Function memoization is an optimization technique to avoid repeated calculation of function values which have been calculated by a previous evaluation of the function. In this post I show how function memoization can be implemented in Scala. Although straight forward at a first glance, effectively memoizing recursive functions requires some second thoughts. For the sake of simplicity I only discuss functions of arity one.

Assume we have a function *strSqLen* which calculates the square of the length of a string.

def strSqLen(s: String) = s.length*s.length

Assume further, that for some reason evaluating above function is processor intensive. One way to speed things up is to cache result values and to look them up on subsequent invocations of *strSqLen*. This can be done either by the function itself or by the caller. The first approach has the drawback that each and every function has to implement caching and that clients have no control over the caching mechanism. The latter approach puts all the burden on the client programmer and produces potential boilerplate. To overcome these issues we need a way to construct a memoized function having the same type as a given function.

In Scala a function of arity one is an instance of *Function1*. We can thus sub-class a *Function[-T, +R]* to *Memoize1[-T, +R]* which represents the memoized function. (Note the concise syntactic sugar *T => R* which is synonym to the more verbose *Function1[T, R]*.)

class Memoize1[-T, +R](f: T => R) extends (T => R) { import scala.collection.mutable private[this] val vals = mutable.Map.empty[T, R] def apply(x: T): R = { if (vals.contains(x)) { vals(x) } else { val y = f(x) vals += ((x, y)) y } } } object Memoize1 { def apply[T, R](f: T => R) = new Memoize1(f) }

When applied to an argument of type *T*, *apply* checks whether the function value is in the cache. If so, it returns that value. If not, it calls the original function *f*, puts the function value into the cache and returns it. Note that the member *vals* which contains the cached function values has object private visibility (*private[this]*). A less restrictive visibility would cause type checking to fail since *mutable.Map[A, B]* is invariant in both its type arguments while *Memoize1[-T, +R]* is contravariant in *T* and covariant in *R* (as is *Function1[-T, +R]*). However since *vals* is accessed from its containing instance only, it cannot cause problems with variance. We tell this to the compiler by declaring the field object private.

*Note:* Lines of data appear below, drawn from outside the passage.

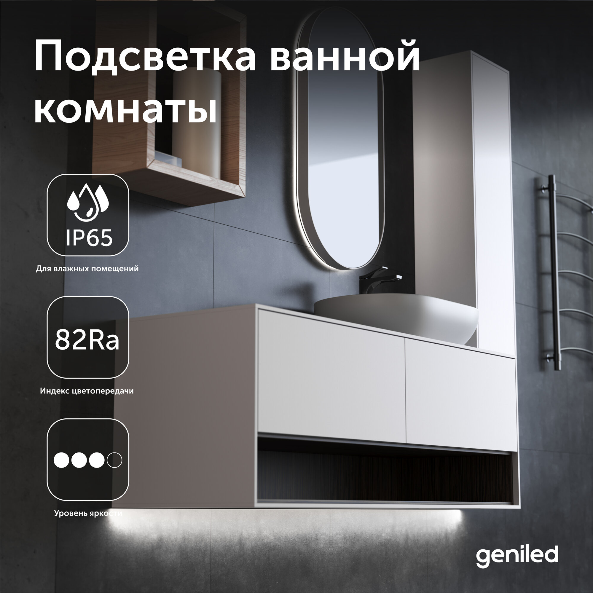 Светодиодная лента, подсветка Geniled - для комнаты, в гардероб, на кухню, на улицу, в ванную - Белый Нейтральный свет / GL-180SMD2835 / 1590 Лм/м / 12В / Длина - 5м / B - 10 мм / W - 16 вт / 4200 К / IP65
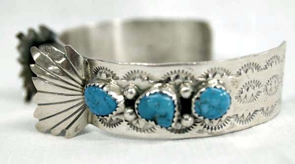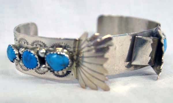 Navajo Sterling Turquoise Watch Bracelet, inside measures 7'' which includes opening x 7/8''W, this beauty features 6 Bisbee Blue Turquoise cabochons measuring .25''D, hand stamping, and silver bead accents, stamped sterling, 31.8g in total wt.
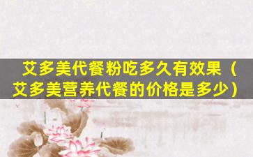 艾多美代餐粉吃多久有效果(艾多美营养代餐的价格是多少)
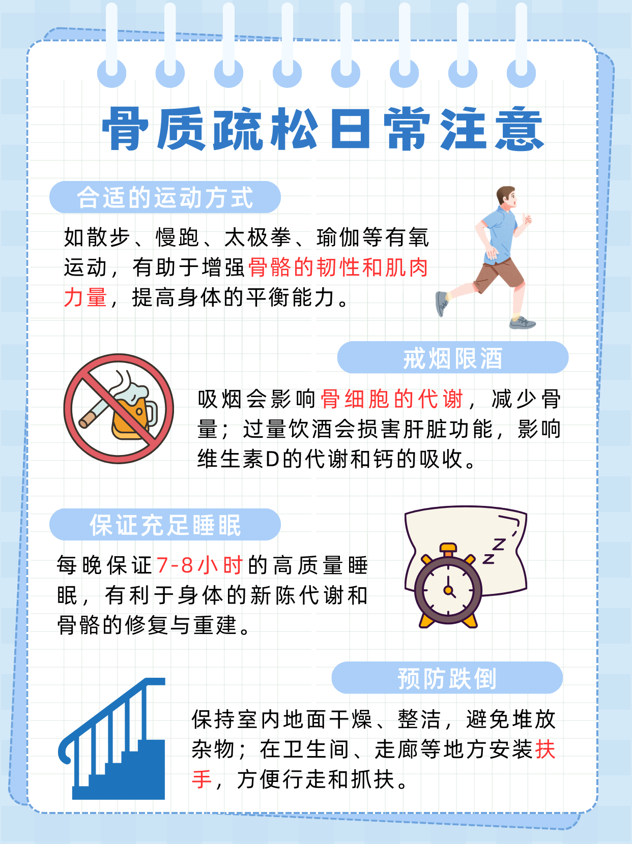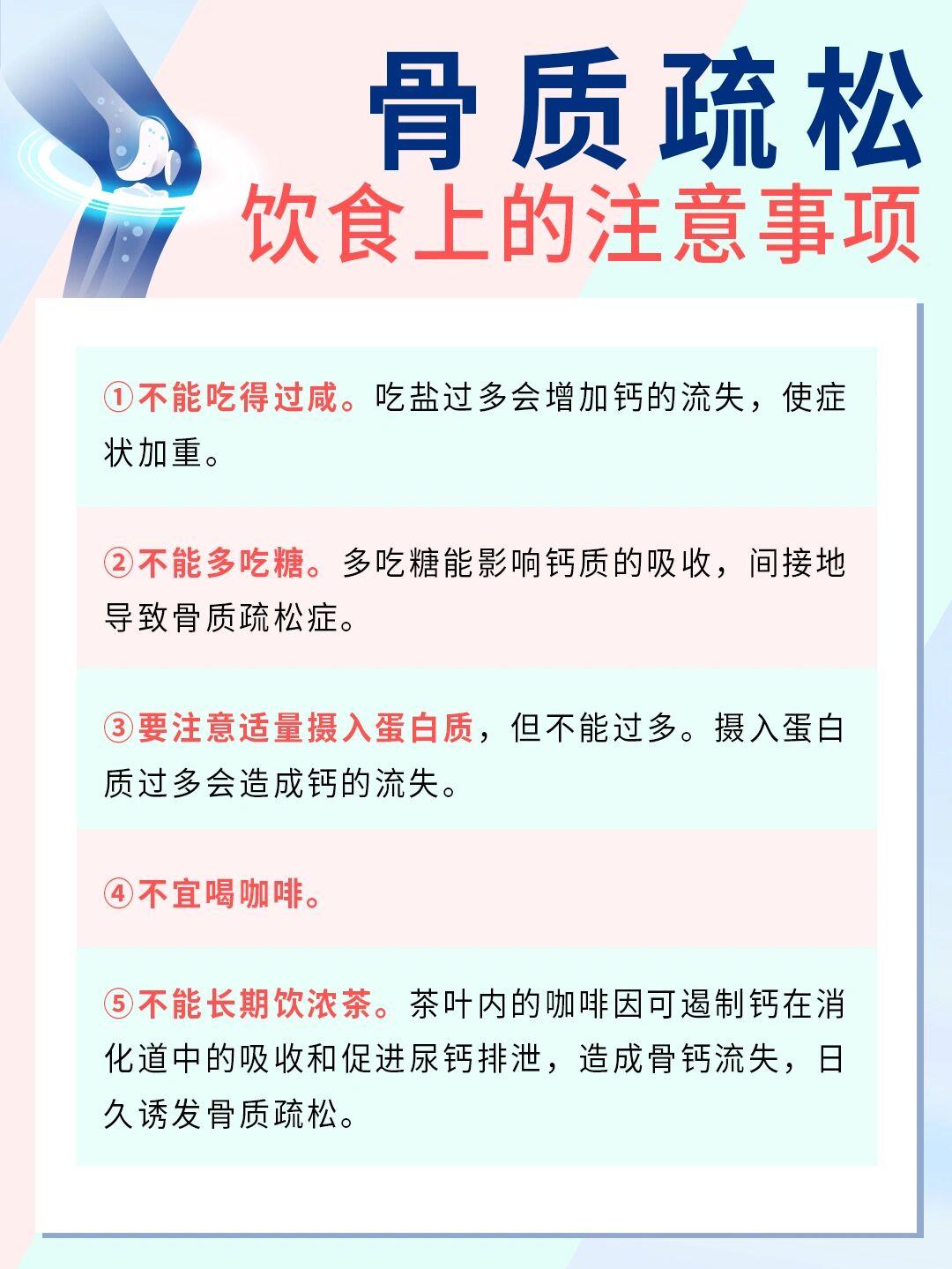 • 调整生活方式:坚持适量运动是预防和治疗的重要措施。运动刺激骨骼生长,增加骨密度,增强骨骼强度和韧性。适合的运动有散步、慢跑、太极拳、瑜伽等。同时,要戒烟限酒,避免过度饮用咖啡和碳酸饮料,保证充足睡眠,利于骨代谢正常进行。

We can now easily create and use a memoization of *strSqLen* like this:

val strSqLenMemoized = Memoize1(strSqLen) val a = strSqLenMemoized("hello Memo") val b = strSqLen("hello Memo") assert(a == b)

### Going recursive

Memoization of recursive functions is possible but might not expose the desired effect. Consider the following recursive implementation of the factorial function.

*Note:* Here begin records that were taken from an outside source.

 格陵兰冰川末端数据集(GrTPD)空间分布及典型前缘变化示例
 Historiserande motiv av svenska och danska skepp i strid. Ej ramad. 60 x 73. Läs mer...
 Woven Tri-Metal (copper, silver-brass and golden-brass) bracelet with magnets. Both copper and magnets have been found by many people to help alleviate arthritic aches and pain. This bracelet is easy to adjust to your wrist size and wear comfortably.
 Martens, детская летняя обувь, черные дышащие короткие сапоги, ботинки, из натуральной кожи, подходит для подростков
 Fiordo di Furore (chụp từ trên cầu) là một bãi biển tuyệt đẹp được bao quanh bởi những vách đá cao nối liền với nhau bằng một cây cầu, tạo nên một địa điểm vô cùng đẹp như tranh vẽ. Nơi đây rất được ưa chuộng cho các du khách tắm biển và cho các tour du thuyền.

def fac(n: BigInt): BigInt = { if (n == 0) 1 else n*fac(n - 1) }

Calculating the factorials from 200 down to 0 does not take advantage of the memoization at all.

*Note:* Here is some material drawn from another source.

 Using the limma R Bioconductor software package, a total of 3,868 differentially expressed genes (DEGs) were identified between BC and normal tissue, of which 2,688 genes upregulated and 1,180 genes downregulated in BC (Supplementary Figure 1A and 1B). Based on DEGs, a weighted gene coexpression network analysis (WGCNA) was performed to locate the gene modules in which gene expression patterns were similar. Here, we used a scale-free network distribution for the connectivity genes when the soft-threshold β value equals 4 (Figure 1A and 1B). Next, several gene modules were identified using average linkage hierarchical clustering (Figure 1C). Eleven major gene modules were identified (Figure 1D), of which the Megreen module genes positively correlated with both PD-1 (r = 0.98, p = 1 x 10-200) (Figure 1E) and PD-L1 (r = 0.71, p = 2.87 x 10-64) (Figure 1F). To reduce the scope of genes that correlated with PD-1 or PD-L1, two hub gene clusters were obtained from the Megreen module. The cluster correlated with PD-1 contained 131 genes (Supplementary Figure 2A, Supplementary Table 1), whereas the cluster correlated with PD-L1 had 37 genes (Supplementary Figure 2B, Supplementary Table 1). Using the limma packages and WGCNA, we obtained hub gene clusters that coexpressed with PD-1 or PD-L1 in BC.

val facMem = Memoize1(fac) for (k <- 200 to 0 by -1) { println(facMem(k)) }

While *facMem(200)* caches the factorial of 200, it does not cache the results of its intermediate recursive invocations since the recursive calls invoke the original function instead of the memoized. When it comes to calculating *facMem(199)* there is no gain from memoization here since – although calculated before – *facMem(199)* is not cached.

To improve this we need a more flexible implementation of *fac*. We want its recursive calls to be available on the outside such that they are available for caching.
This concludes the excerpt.